Somerset widow loses £120,000 in sick romance fraud | #DatingScams | #LoveScams | #RomanceScans

Mary (not her real name), 58, was looking for companionship after the agony of losing her husband to cancer in 2021.

But her relationship with online lover ‘David’ turned out was a sophisticated scam that snatched away all of the money left to her by her spouse.

Mary said: “David told me he was in the American Special Services working in Syria. We’d speak on Whatsapp every day.

“It was only ever messaging. He said he couldn’t talk on the phone because of where he was.

“He told me he loved me and wanted to meet me.

“I was only looking for companionship at first but it developed into love.

“It was my first winter on my own since my husband had died.”

David claimed he wanted to fly to the UK to see Mary but his bank account was frozen so asked her to cover the cost.

She said: “I was sending money into an account set up by the army, or so I thought.

“I had to get a marriage certificate so I was paying a solicitor to sort all this out, and there were other fees, too.”

The con left Mary struggling to afford basic living costs.

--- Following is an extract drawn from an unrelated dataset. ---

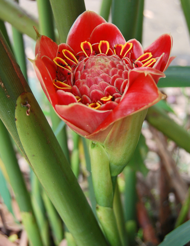 Torch ginger Etlingera hemisphaerica, recently open flower. Darmaga, Bogor, West Java.
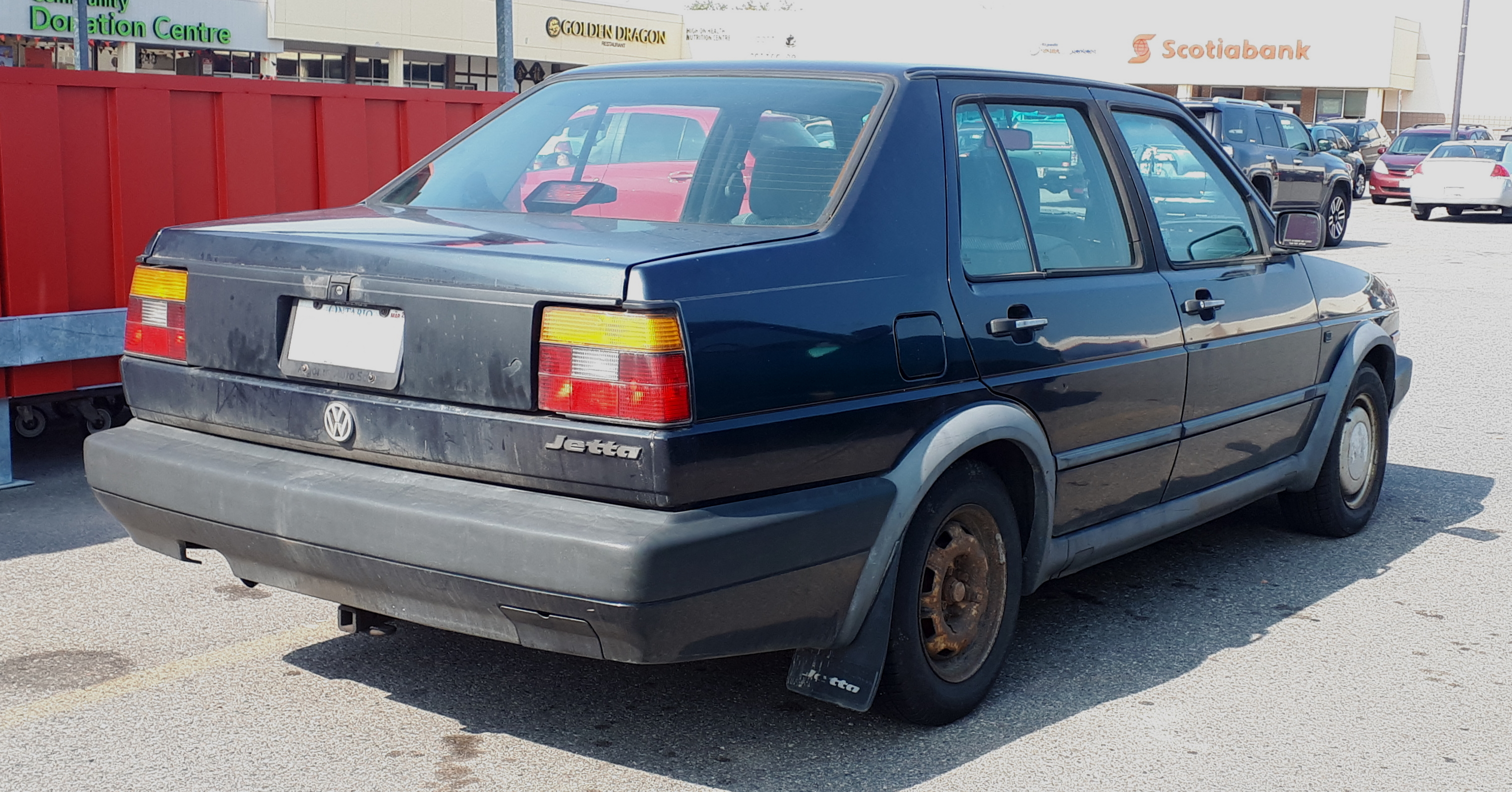 1990-1992 Volkswagen Jetta photographed in Sault Ste. Marie, Ontario, Canada

She said: “I had to cut down on food and heating. When my children and grandchildren visited I made sure I had cakes and biscuits in to make it seem like everything was alright.

“I used to look after my granddaughter once a week but I couldn’t afford to get there. That’s one thing I’ll never forgive the scammers for – they took that time with my granddaughter away from me.”

Mary’s grown-up children knew about the relationship and told her to end it as they suspected it was a scam.

She added: “It’s difficult once you’re under their spell. You don’t want to listen to anyone else. My family were right all along but I never listened.

“He started sending threats. He had my address, he knew I was on my own and he said he would send someone round.

“He managed to convince me that he was trustworthy. He kept saying he was a ‘gentleman of honour’.”

The conman requested a further £120,000. When Mary told him she had no cash left to give, she was blocked.

She said: “I felt sad and rejected, but also relieved because he wouldn’t be able to manipulate me anymore.”

Mary later contacted CEL Solicitors, who managed to recoup her losses.

Paul Hampson, managing director of CEL Solicitors, said: “It’s not just the money that makes romance fraud so distressing, it’s the feeling of betrayal and the emotional cost, too.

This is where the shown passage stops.